From the light reflected by the principle of gradation; from what we know of the laws of variation; from the changes which have taken place in many of our domesticated birds; and, lastly, from the character (as we shall hereafter more clearly see) of the immature plumage of young birds—we can sometimes indicate with a certain amount of confidence, the probable steps by which the males have acquired their brilliant plumage and various ornaments; yet in many cases we are involved in darkness. Mr. Gould several years ago pointed out to me a humming-bird, the Urosticte benjamini, remarkable from the curious differences presented by the two sexes. The male, besides a splendid gorget, has greenish-black tail-feathers, with the four central ones tipped with white; in the female, as with most of the allied species, the three outer tail-feathers on each side are tipped with white, so that the male has the four central, whilst the female has the six exterior feathers ornamented with white tips. What makes the case curious is that, although the colouring of the tail differs remarkably in both sexes of many kinds of humming-birds, Mr. Gould does not know a single species, besides the Urosticte, in which the male has the four central feathers tipped with white.

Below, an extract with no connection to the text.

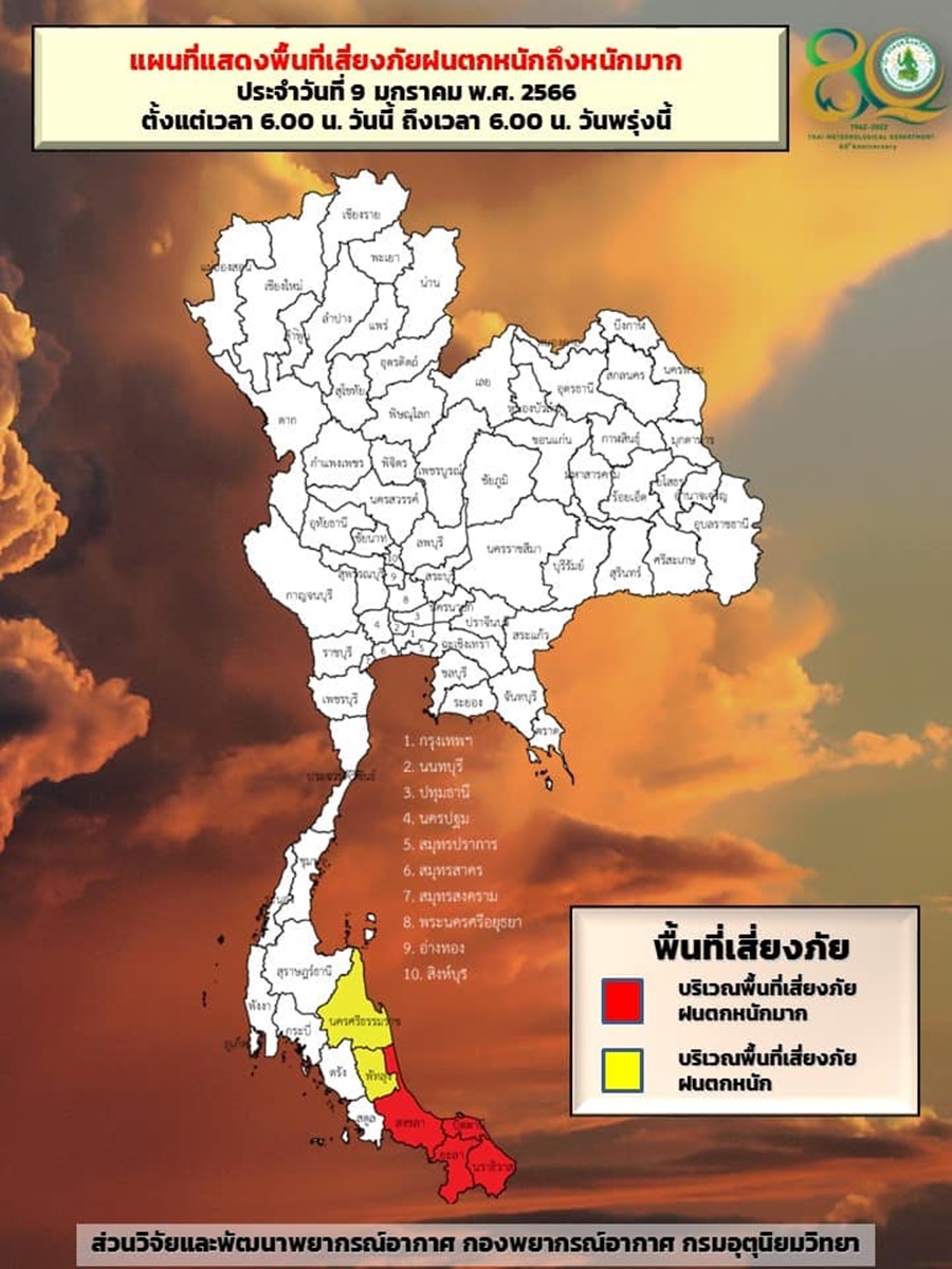 สำหรับมรสุมตะวันออกเฉียงเหนือที่พัดปกคลุมอ่าวไทยและภาคใต้เริ่มมีกำลังอ่อนลง ประกอบกับมีหย่อมความกดอากาศต่ำปกคลุมบริเวณทะเลจีนใต้ตอนล่าง และมีแนวโน้มเคลื่อนเข้าใกล้บริเวณปลายแหลมญวน ทำให้ภาคใต้ตอนล่างยังคงมีฝนตกหนักถึงหนักมากบางแห่ง ส่วนคลื่นลมบริเวณอ่าวไทยตอนล่างมีกำลังปานกลาง โดยมีคลื่นสูงประมาณ 2 เมตร บริเวณที่มีฝนฟ้าคะนองคลื่นสูงมากกว่า 2 เมตร ขอให้ชาวเรือบริเวณอ่าวไทยเดินเรือด้วยความระมัดระวัง และหลีกเลี่ยงการเดินเรือในบริเวณที่มีฝนฟ้าคะนอง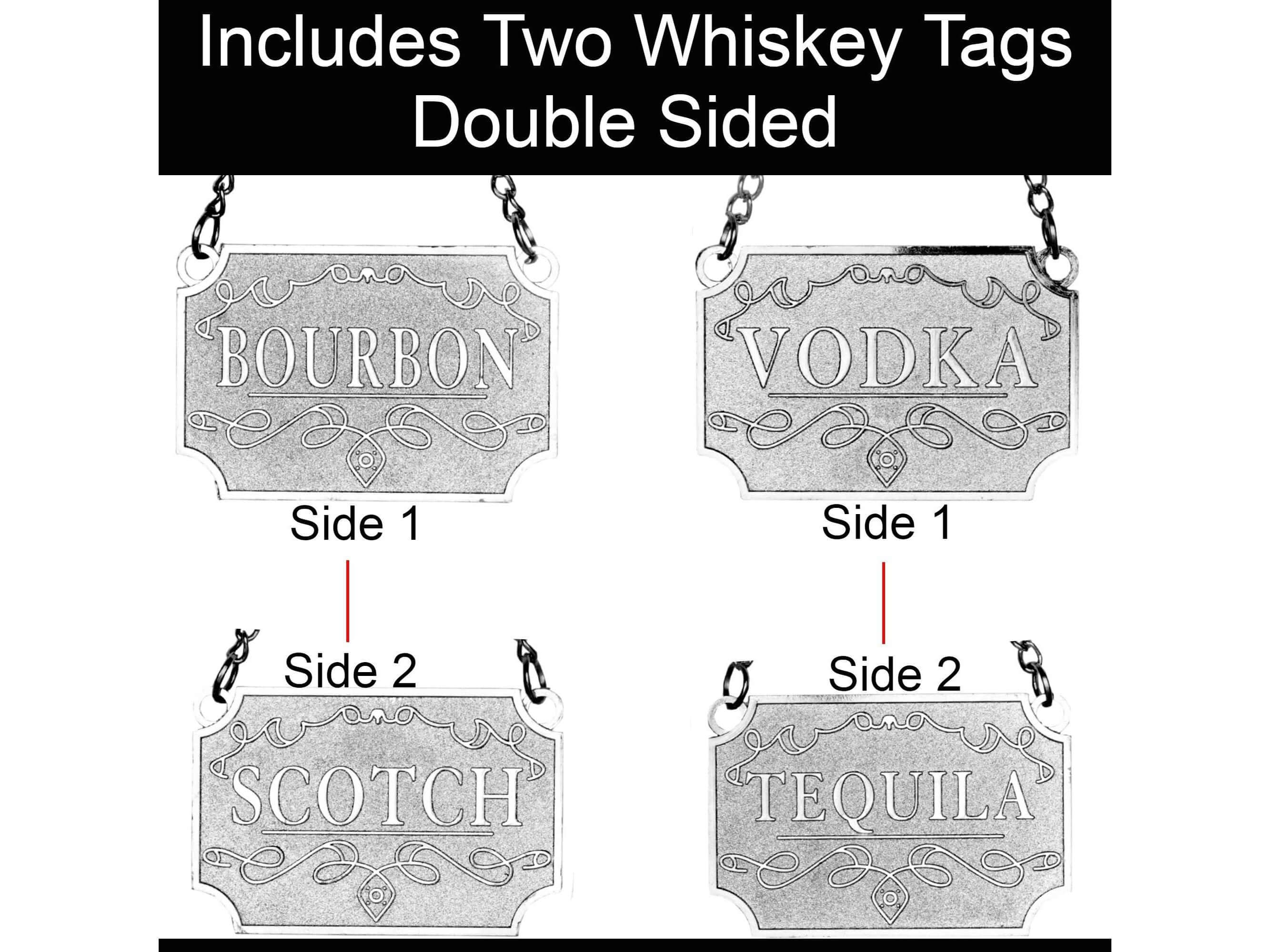 This whisky set is different from the rest: it also includes two beautiful double-sided engraved metal labels. Four classic whisky choices can be displayed on the bottle for an enhanced, luxurious presentation.

The Duke of Argyll, in commenting on this case,[196] passes over sexual selection, and asks, “What explanation does the law of natural selection give of such specific varieties as these?” He answers “none whatever;” and I quite agree with him. But can this be so confidently said of sexual selection? Seeing in how many ways the tail-feathers of humming-birds differ, why should not the four central feathers have varied in this one species alone, so as to have acquired white tips? The variations may have been gradual, or somewhat abrupt as in the case recently given of the humming-birds near Bogota, in which certain individuals alone have the “central tail-feathers tipped with beautiful green.” In the female of the Urosticte I noticed extremely minute or rudimental white tips to the two outer of the four central black tail-feathers; so that here we have an indication of change of some kind in the plumage of this species. If we grant the possibility of the central tail-feathers of the male varying in whiteness, there is nothing strange in such variations having been sexually selected. The white tips, together with the small white ear-tufts, certainly add, as the Duke of Argyll admits, to the beauty of the male; and whiteness is apparently appreciated by other birds, as may be inferred from such cases as the snow-white male of the Bell-bird. The statement made by Sir E. Heron should not be forgotten, namely that his peahens, when debarred from access to the pied peacock, would not unite with any other male, and during that season produced no offspring. Nor is it strange that variations in the tail-feathers of the Urosticte should have been specially selected for the sake of ornament, for the next succeeding genus in the family takes its name of Metallura from the splendour of these feathers. Mr. Gould, after describing the peculiar plumage of the Urosticte, adds, “that ornament and variety is the sole object, I have myself but little doubt.”[197] If this be admitted, we can perceive that the males which were decked in the most elegant and novel manner would have gained an advantage, not in the ordinary struggle for life, but in rivalry with other males, and would consequently have left a larger number of offspring to inherit their newly-acquired beauty.

CHAPTER XV.

Birds—continued.

Discussion why the males alone of some species, and both sexes of other species, are brightly coloured—On sexually-limited inheritance, as applied to various structures and to brightly-coloured plumage—Nidification in relation to colour—Loss of nuptial plumage during the winter.

We have in this chapter to consider, why with many kinds of birds the female has not received the same ornaments as the male; and why with many others, both sexes are equally, or almost equally, ornamented? In the following chapter we shall consider why in some few rare cases the female is more conspicuously coloured than the male.